Input data.
* * * * * * *
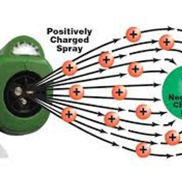 Electrostatic spray is electrically charged, allowing the appropriate sanitizers, mold preventatives and disinfectants to wrap around and evenly coat all types of surfaces for a more complete clean. As the chemical exits the electrostatic sprayer, it’s given a positive electrical charge. The droplets then become attracted to all negativ
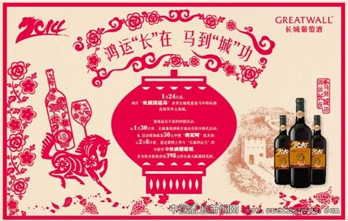 “中國年當然要喝我們自己的酒,長城馬年特標酒是葡萄酒和中國傳統(tǒng)文化結合的經(jīng)典代表。它不僅是一種更符合國人口味的時尚健康飲品,也代表了吉祥與成功的傳統(tǒng)馬文化,可以說是一瓶最適合在春節(jié)聚會上與親人朋友分享的好酒。“活動負責人表示。
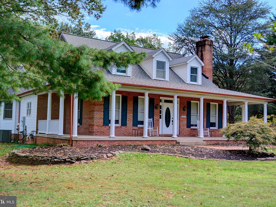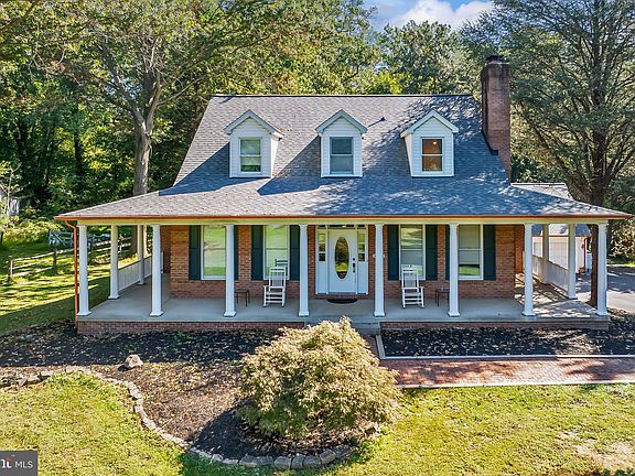 Welcome to this beautifully maintained Cape Cod residence, perfectly situated on a private and level .82-acre lot in a highly convenient Fairfax location. Offering timeless curb appeal with its wrap-around covered front porch and rear screened porch, this home provides the ideal blend of charm, comfort, and functionality. An architectural roof was installed in 2025, and the property also features a 28’x28’ detached garage with electricity and an upper level, plus extra parking and a wide asphalt driveway. Enjoy a private backyard with a concrete patio—perfect for entertaining or relaxing outdoors. Septic system upgraded with new tank and distribution boxes — ready for the future Inside, the main level boasts 9-foot ceilings and a welcoming marble entry. The formal living room is highlighted by floor-to-ceiling windows and crown molding, while gleaming hardwood floors flow throughout most of the main level. The gourmet kitchen was renovated in 2020 with stainless appliances, ceramic tile flooring, and opens seamlessly to the family room and a panoramic breakfast nook. Off the family room, an oversized screened porch with exterior TV extends your living and entertaining space. Additional conveniences include a main level laundry room and a luxurious primary suite featuring a walk-in closet, private balcony, and spa-like bath with jetted soaking tub, double vanity, shower, and water closet. Upstairs you’ll find three spacious bedrooms, including a princess suite with its own full bath, plus two additional bedrooms with a full hall bath. New carpet was installed in 2025, ensuring comfort and style. The finished walkout lower level is designed for recreation and relaxation. Highlights include a large rec room with wood-burning fireplace and solarium, a wet bar, a fifth bedroom with private full bath, and a bonus exercise room with sliding doors to the patio. Additional features include a gas water heater, gas heat, and HVAC system approximately 12 years old. This exceptional home is conveniently located just .4 miles to Brentwood Park, 1 mile to Costco, 1.5 miles to Fairfax Corner and Route 66, 2 miles to Fair Oaks Mall, and 5 miles to Fair Oaks Hospital. With its combination of architectural character, modern upgrades, and unbeatable location, this property offers a rare opportunity to enjoy both privacy and accessibility in the heart of Fairfax.
* * * * * * *
Your task. Leaving out the pictures, output the listing above exactly as given.

Reply.
 Electrostatic spray is electrically charged, allowing the appropriate sanitizers, mold preventatives and disinfectants to wrap around and evenly coat all types of surfaces for a more complete clean. As the chemical exits the electrostatic sprayer, it’s given a positive electrical charge. The droplets then become attracted to all negativ
 “中國年當然要喝我們自己的酒,長城馬年特標酒是葡萄酒和中國傳統(tǒng)文化結合的經(jīng)典代表。它不僅是一種更符合國人口味的時尚健康飲品,也代表了吉祥與成功的傳統(tǒng)馬文化,可以說是一瓶最適合在春節(jié)聚會上與親人朋友分享的好酒。“活動負責人表示。
 Welcome to this beautifully maintained Cape Cod residence, perfectly situated on a private and level .82-acre lot in a highly convenient Fairfax location. Offering timeless curb appeal with its wrap-around covered front porch and rear screened porch, this home provides the ideal blend of charm, comfort, and functionality. An architectural roof was installed in 2025, and the property also features a 28’x28’ detached garage with electricity and an upper level, plus extra parking and a wide asphalt driveway. Enjoy a private backyard with a concrete patio—perfect for entertaining or relaxing outdoors. Septic system upgraded with new tank and distribution boxes — ready for the future Inside, the main level boasts 9-foot ceilings and a welcoming marble entry. The formal living room is highlighted by floor-to-ceiling windows and crown molding, while gleaming hardwood floors flow throughout most of the main level. The gourmet kitchen was renovated in 2020 with stainless appliances, ceramic tile flooring, and opens seamlessly to the family room and a panoramic breakfast nook. Off the family room, an oversized screened porch with exterior TV extends your living and entertaining space. Additional conveniences include a main level laundry room and a luxurious primary suite featuring a walk-in closet, private balcony, and spa-like bath with jetted soaking tub, double vanity, shower, and water closet. Upstairs you’ll find three spacious bedrooms, including a princess suite with its own full bath, plus two additional bedrooms with a full hall bath. New carpet was installed in 2025, ensuring comfort and style. The finished walkout lower level is designed for recreation and relaxation. Highlights include a large rec room with wood-burning fireplace and solarium, a wet bar, a fifth bedroom with private full bath, and a bonus exercise room with sliding doors to the patio. Additional features include a gas water heater, gas heat, and HVAC system approximately 12 years old. This exceptional home is conveniently located just .4 miles to Brentwood Park, 1 mile to Costco, 1.5 miles to Fairfax Corner and Route 66, 2 miles to Fair Oaks Mall, and 5 miles to Fair Oaks Hospital. With its combination of architectural character, modern upgrades, and unbeatable location, this property offers a rare opportunity to enjoy both privacy and accessibility in the heart of Fairfax.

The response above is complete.